I am flying a Bush baby micro light aircraft that is fitted with an air cooled VW Beatle or kombi motor. It is a little bit modified. It is fitted with Gotech a fuel injection system. Have a better crank shaft fitted, bigger pistons, bigger valves exc.
Supposed to be a 2.3 motor now and with the Gotech system should be putting out between 120HP up to 180 HP. The sub assembly is imported and have an Z85 oil filter fitted to it. Now to speed it up a bit. After flying it for 41 hours, the crank broke and I had to get the motor redone. Since then every time we check the valve clearance the gaps tighten and the valves does not close properly. First time we checked after 10 hours, then after one hour and then again after three hours. Every time it was necessary to reset the valve gaps as it was to tight.
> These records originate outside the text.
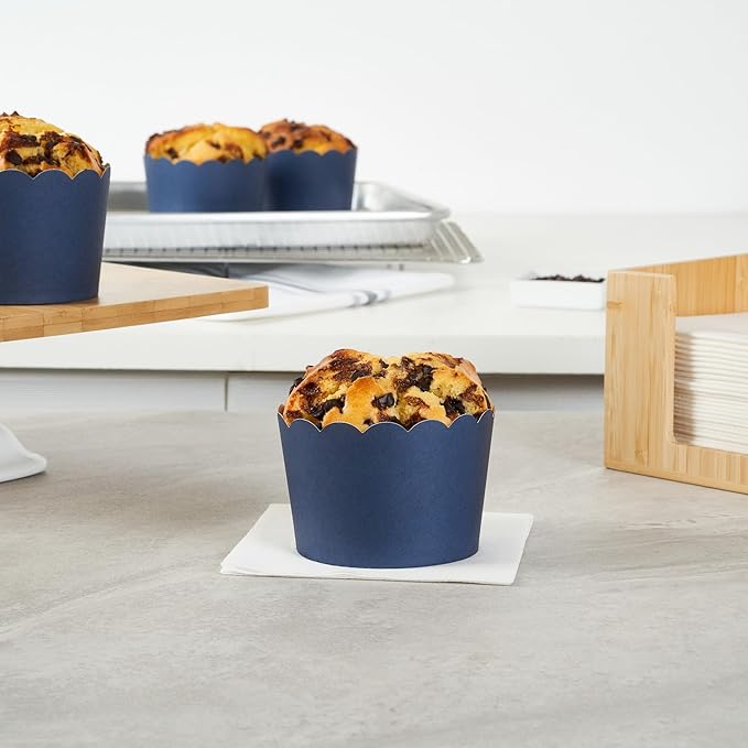 - SUSTAINABLE OPTION: Great for ecologically-conscious bakers! These disposable baking cups are made from sustainable paper and the midnight blue finish blends in with any type of cupcake decoration.
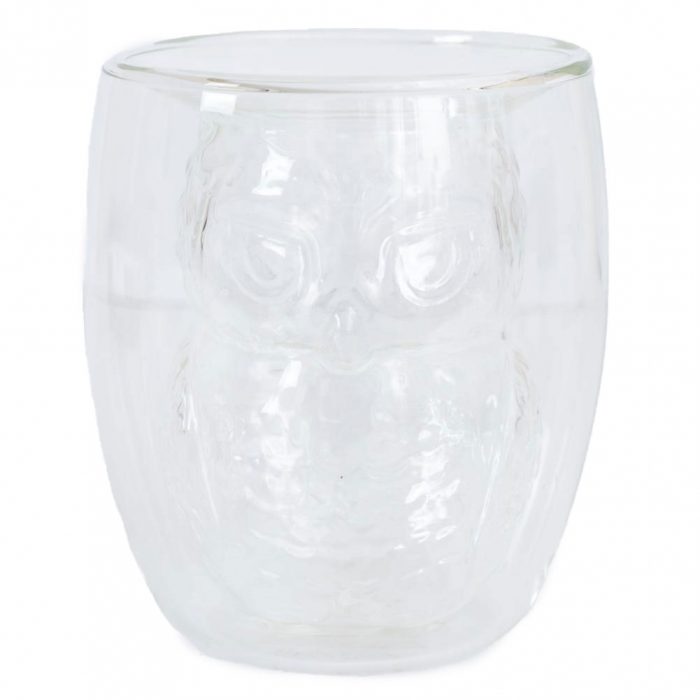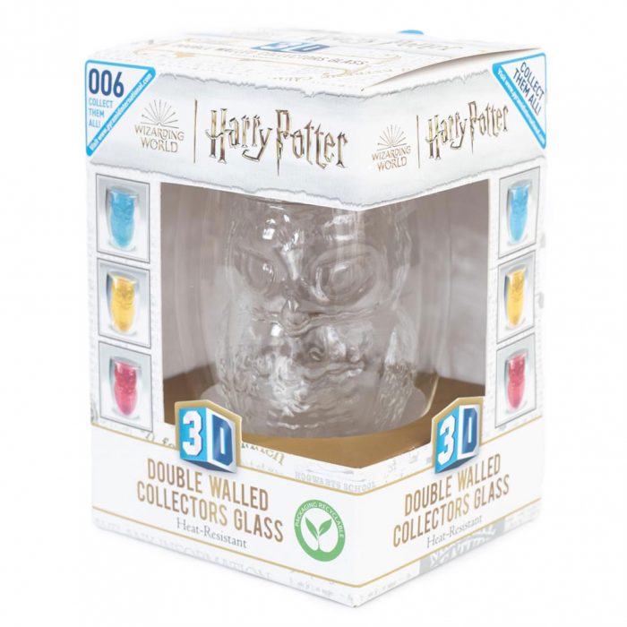A double-walled, heat-resistant glass featuring a beautifully crafted 3D depiction of Hedwig
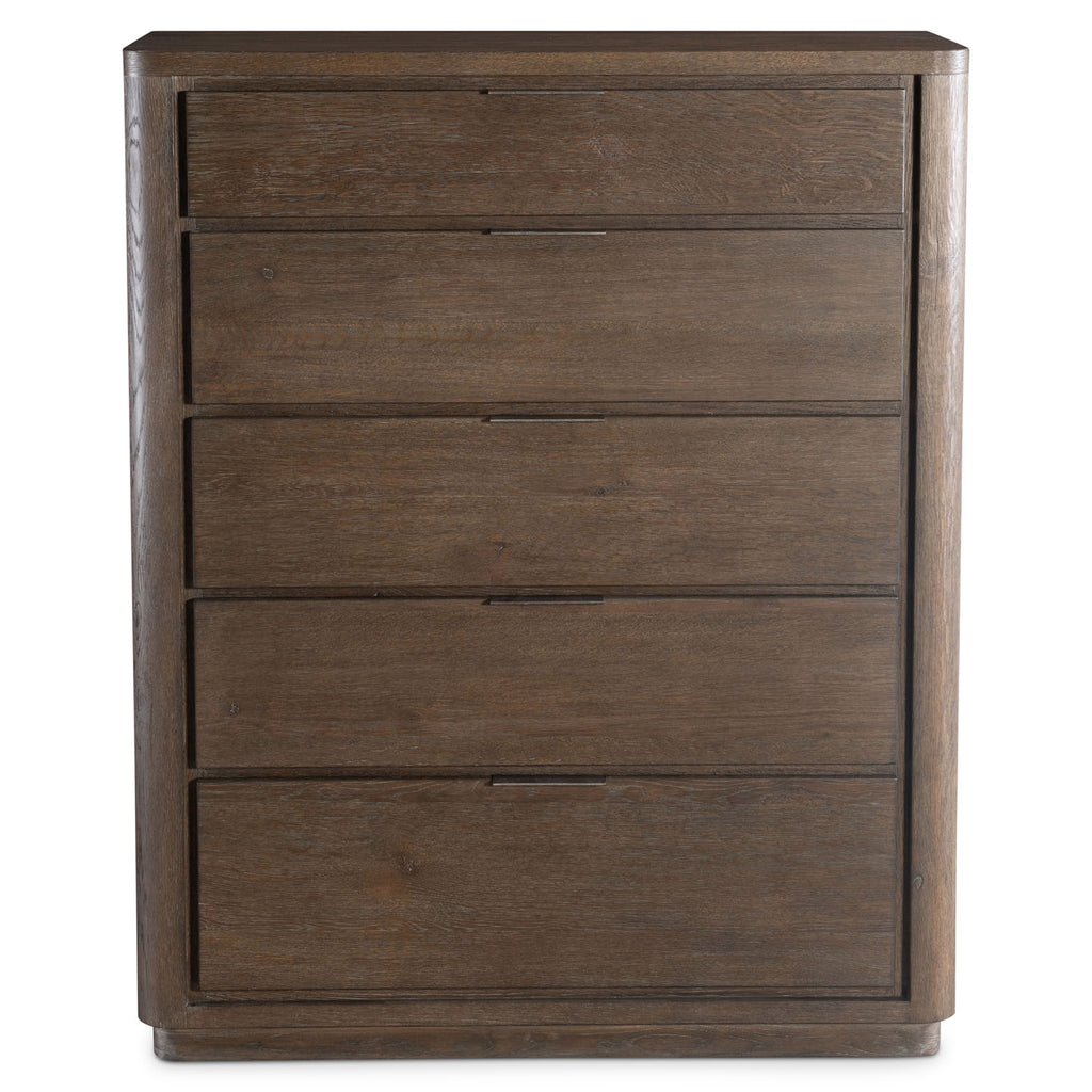 Recessed detailing defines the five drawers on the Outline tall drawer chest. Varying drawer sizes create a geometric visual style, while natural wood grain and metal pulls balance an organic look. The design, resting on a plinth base, is finished in Cassel.
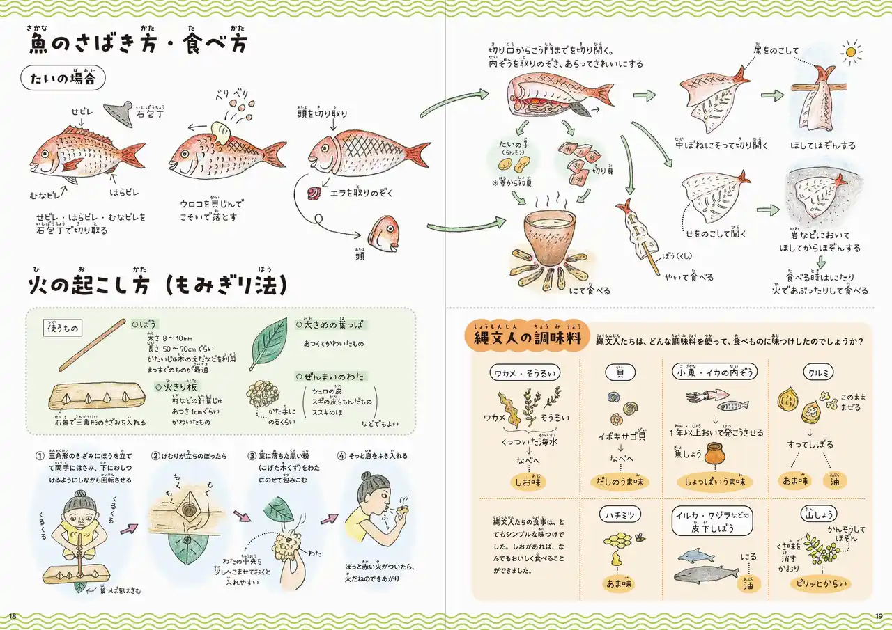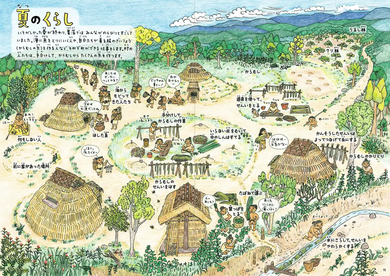 紀元前14,000年ごろから紀元前300年ごろまで、1万年以上続いた縄文時代。動物や魚、木の実などを採集しながら自然と共存し、家や道具など暮らしに使うものは全て手作りしていました。生活の道具だった土器や土偶は驚くほど個性的で、まるで優れた芸術作品ともいえます。縄文時代のファッションや道具の作り方、肉や魚の調理法など、縄文時代の暮らしを見応えのあるイラストで解説します。生き抜く知恵が詰まった、イラストでみる図鑑のような絵本です。 |

The only thing I could think of was that the valves was eating into the seats so I removed the heads but could not find a problem with the valves or seats. The cam followers is the manual type but had been modified to move inside a brass bush. I did found how ever that one of the cam followers is much more tight than the rest and wondered if it might be busy to size.
Can any one please tell me why the gaps keeps on getting tighter all the time.
This often means that the valves are stretching and it's just a matter of time before one of them breaks, which means catastrophic engine failure; which could spoil your day in a car; never mind an aircraft.
It's probably a good idea to rebuild the heads if you can't identify any other source of this problem. Or even better, buy a new Rotax engine.
fig
Kaapse Kombi Kult
"Whether you think you can or whether you think you can't, you're right." -- Henry Ford
fig wrote:This often means that the valves are stretching and it's just a matter of time before one of them breaks, which means catastrophic engine failure; which could spoil your day in a car; never mind an aircraft.
It's probably a good idea to rebuild the heads if you can't identify any other source of this problem. Or even better, buy a new Rotax engine.
Eesh I thought I'll find some loyal VW fans on this sight now you also giving me the Rotex speech.
On a more serous note, what will cause a valve to stretch I actually ordered some high performance double valve springs to try and solve the problem. The valves is stainless valves. Now you are making me worried. Had the crank broke on me whiles flying and it wasn?t any fun so I would not like to go threw it again.
Bennie Vorster wrote: Eesh I thought I'll find some loyal VW fans on this sight now you also giving me the Rotex speech.
LOL. Well if it was my own ass I wouldn't want to trust something cobbled together out of 40-year-old VW parts. If I blow an engine in my bus I just pull over. Dropping a valve on take-off may not be so easy to deal with.
Bennie Vorster wrote:On a more serous note, what will cause a valve to stretch:?
Old age and fatigue. It's usually just one valve. I've only experienced all the valves stretching after a major heat seizure.
fig
Kaapse Kombi Kult
"Whether you think you can or whether you think you can't, you're right." -- Henry Ford
It doesn't sound like your valves have been subjected to serious abuse, but if you can't find another cause for the tightening valves then valve replacement is definitely indicated.
You can't really be too paranoid about safety while flying.
Maybe one of the real engine gurus will be able to give you some other ideas.
fig
Kaapse Kombi Kult
"Whether you think you can or whether you think you can't, you're right." -- Henry Ford
I'm no guru myself, but (except for the large fan up front), what other provision is made for the air flow and cooling of the heads, sleeves, oil cooler etc. Are those 'forget-me-not' plates still relevant in an aircraft, for instance? From the pic of the plane it seems like the heads are pretty much covered, or are there ducts on the back side to let warm air out?
Broken crank??? Let us have details on that one. I bet you it was a cast crank, forged cromolly is what you have in there at the moment, I hope.
As for valve train problems I think you need to look at your cam followers/brass bush, there have been many sorry stories about after market sets, and I would use a set of reground original German ones over any others that are selling out there. Valve gaps always need to be set with the motor ice cold or else it will affect settings as a hot motor expands slightly, what gaps are you working with?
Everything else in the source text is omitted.